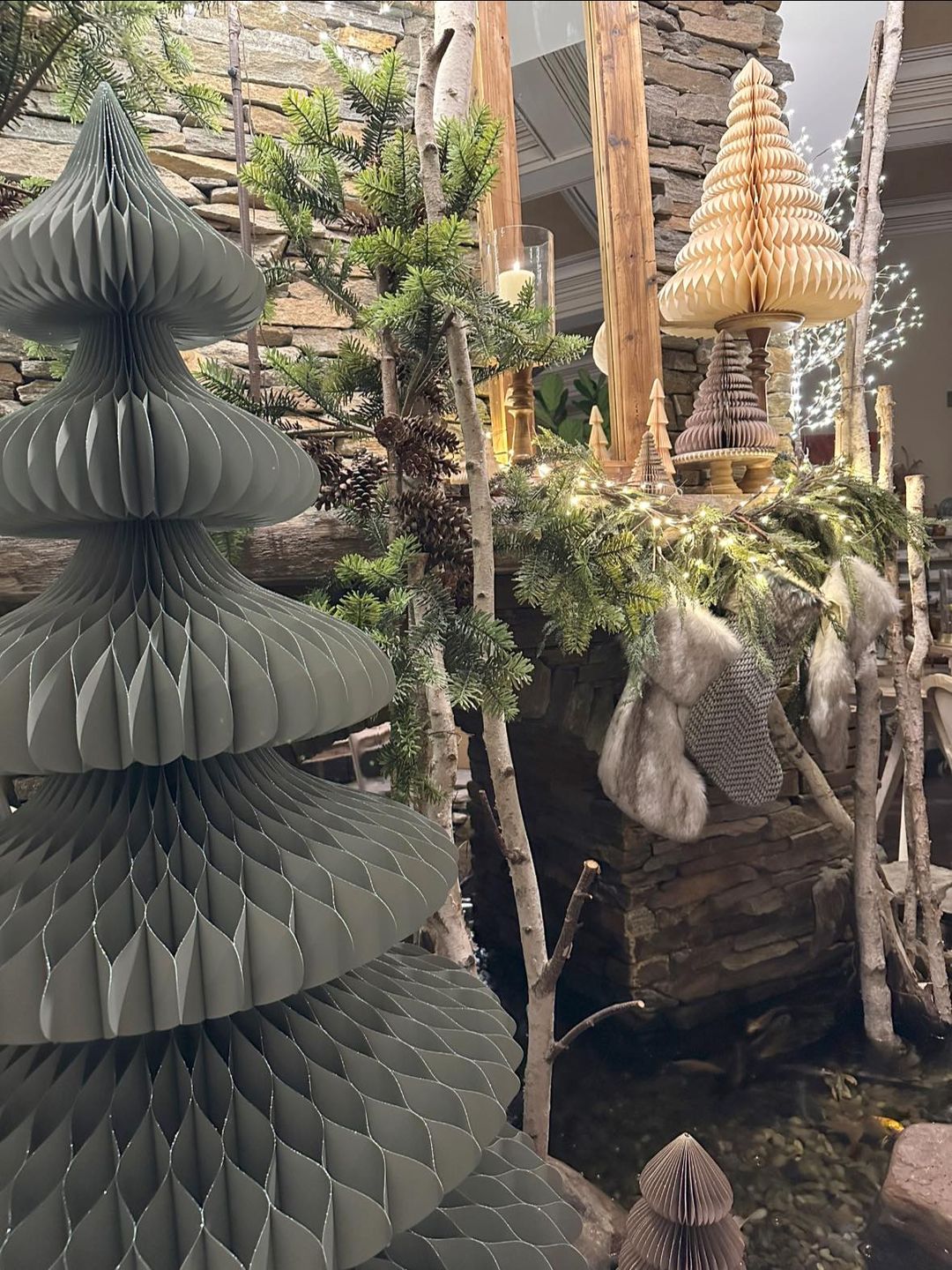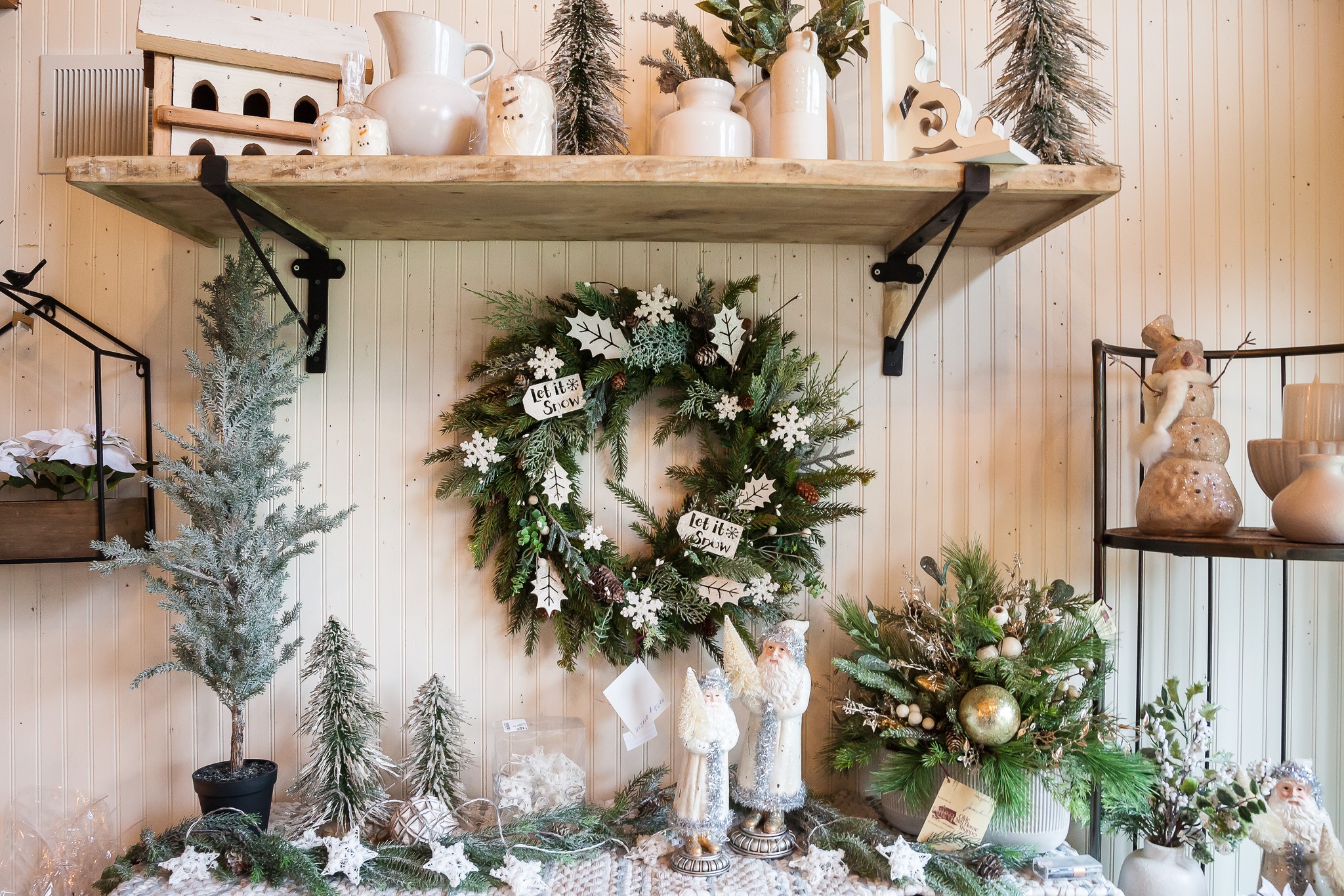 After returning from Furniture Market in High Point, North Carolina, owner Kathy Shenk and her team made like Santa and his elves and got to work transforming the shop/studio into a Christmas spectacular. The trees they designed are decorated around themes such as traditional, vintage and boho. Their decorations speak to trends such as natural elements (cornhusks), sparkle and nature (reindeer ornaments). You’ll definitely be inspired.
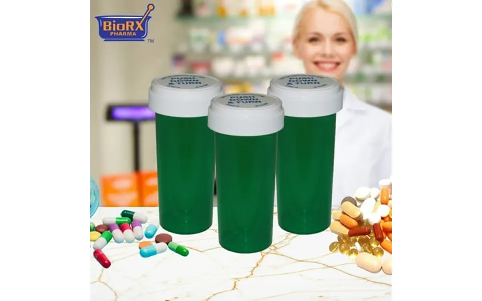 Green 40 Dram 16 Pcs prescription vial medicine container pill bottle by biorx sponix ...show more
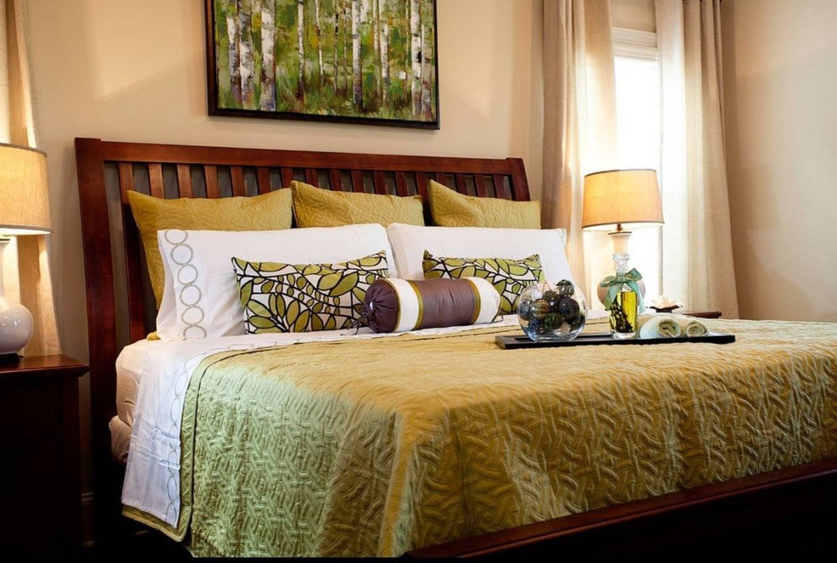Оливковая кровать в интерьере
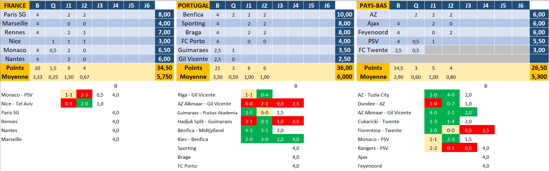 - Les équipes qui atteignent la phase de groupe en LDC et en Europa obtiennent 4 pts pour leur participation, donc 4pts à PSG, OM, Monaco, Nantes, Rennes, Benfica, Porto, Sporting, Ajax, PSV et Feyenoord.
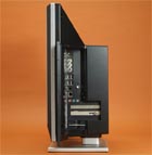 前面中央にDVD±R DL対応のスロットインDVDスーパーマルチドライブを内蔵し、メディアの出し入れが容易に行える(写真=左)。その下部にあるカバーを開けると、多彩なインタフェースが顔を出す(写真=中央)。カバーを閉じれば見た目がスッキリとする。背面に出っ張らないL字型の電源ケーブルが付属している点にもこだわりを感じさせる(写真=右)本体は後ろ10度のチルト機能と、左右90度ずつのスイーベル機能に対応しており、微妙な角度の調整が容易に行える。初回の設置も、電源ケーブルとTVアンテナケーブル、そしてLANケーブルだけを接続するだけですむ。これは、PCにつながれた大量のケーブルの見苦しさに頭を悩ませる上級者から、PCの設置に自信がない初心者まで広い層に訴えかける魅力だろう。
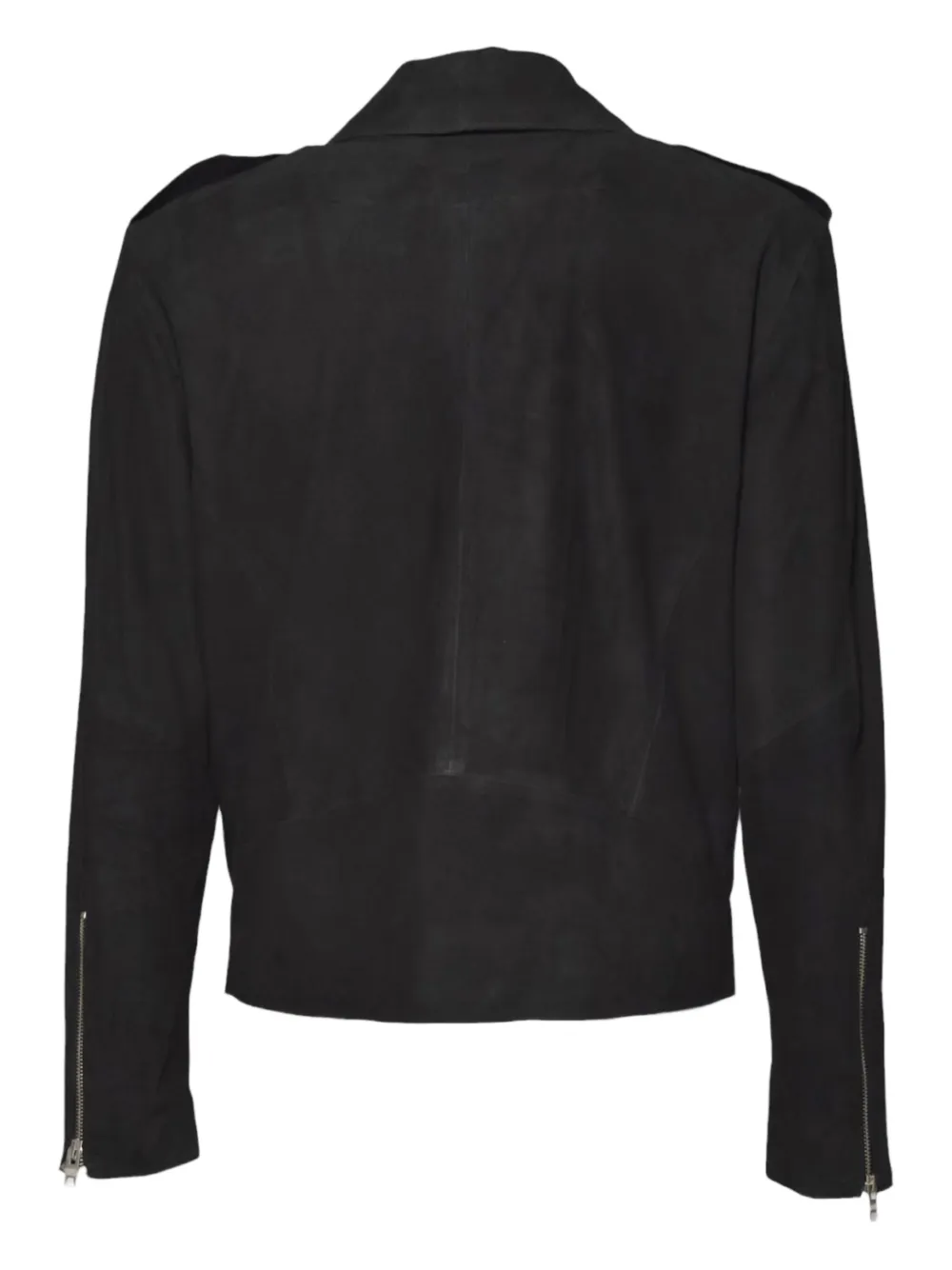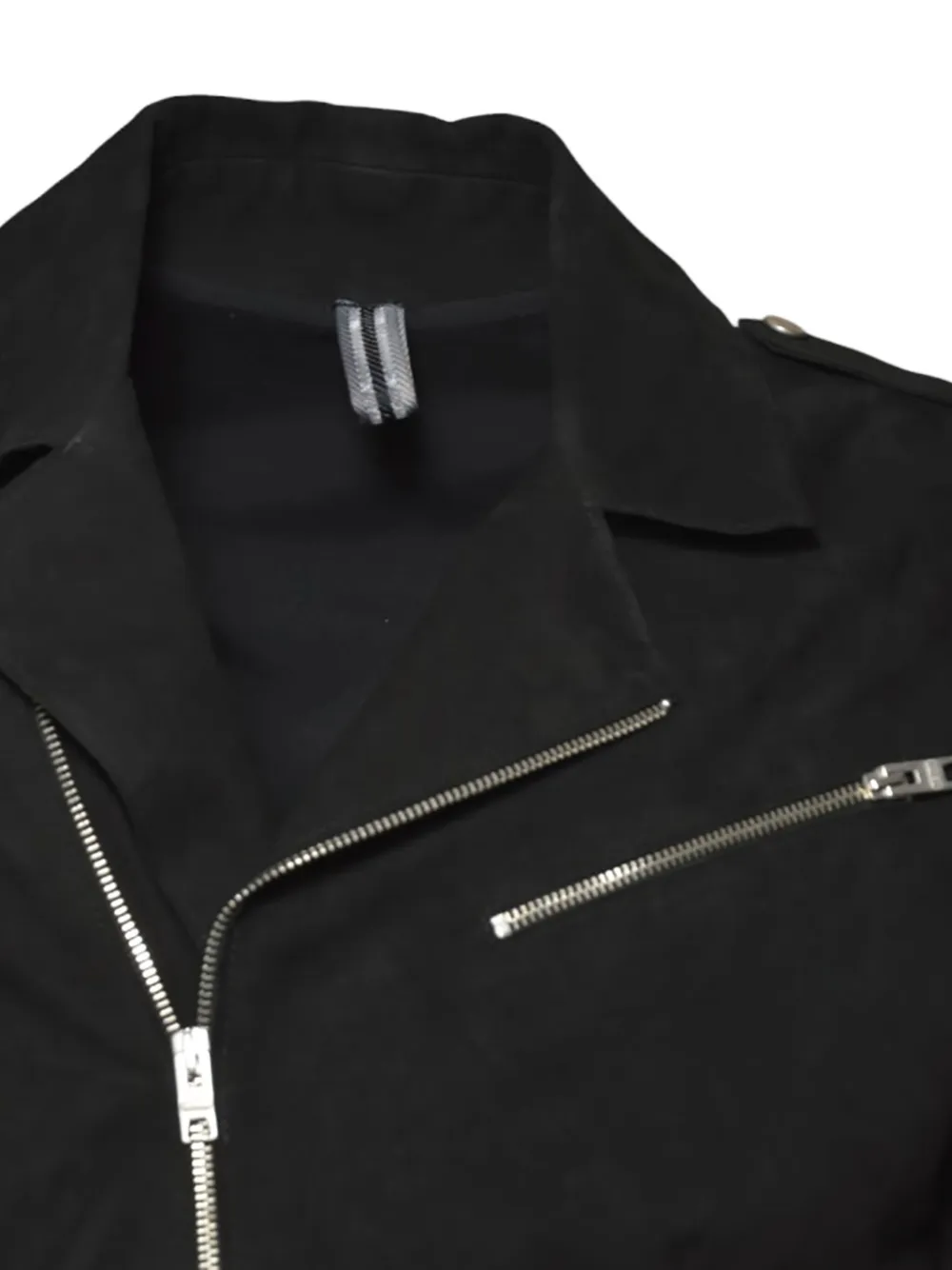 Черная асимметричная застежка-молния, боковые карманы на молнии, эполеты, манжеты на молнии

**ACTION ITEM:** Retype all of the listing word for word and skip the pictures.

**SOLVED EXERCISE:**
 After returning from Furniture Market in High Point, North Carolina, owner Kathy Shenk and her team made like Santa and his elves and got to work transforming the shop/studio into a Christmas spectacular. The trees they designed are decorated around themes such as traditional, vintage and boho. Their decorations speak to trends such as natural elements (cornhusks), sparkle and nature (reindeer ornaments). You’ll definitely be inspired.
 Green 40 Dram 16 Pcs prescription vial medicine container pill bottle by biorx sponix ...show more
Оливковая кровать в интерьере
 - Les équipes qui atteignent la phase de groupe en LDC et en Europa obtiennent 4 pts pour leur participation, donc 4pts à PSG, OM, Monaco, Nantes, Rennes, Benfica, Porto, Sporting, Ajax, PSV et Feyenoord.
 前面中央にDVD±R DL対応のスロットインDVDスーパーマルチドライブを内蔵し、メディアの出し入れが容易に行える(写真=左)。その下部にあるカバーを開けると、多彩なインタフェースが顔を出す(写真=中央)。カバーを閉じれば見た目がスッキリとする。背面に出っ張らないL字型の電源ケーブルが付属している点にもこだわりを感じさせる(写真=右)本体は後ろ10度のチルト機能と、左右90度ずつのスイーベル機能に対応しており、微妙な角度の調整が容易に行える。初回の設置も、電源ケーブルとTVアンテナケーブル、そしてLANケーブルだけを接続するだけですむ。これは、PCにつながれた大量のケーブルの見苦しさに頭を悩ませる上級者から、PCの設置に自信がない初心者まで広い層に訴えかける魅力だろう。
 Черная асимметричная застежка-молния, боковые карманы на молнии, эполеты, манжеты на молнии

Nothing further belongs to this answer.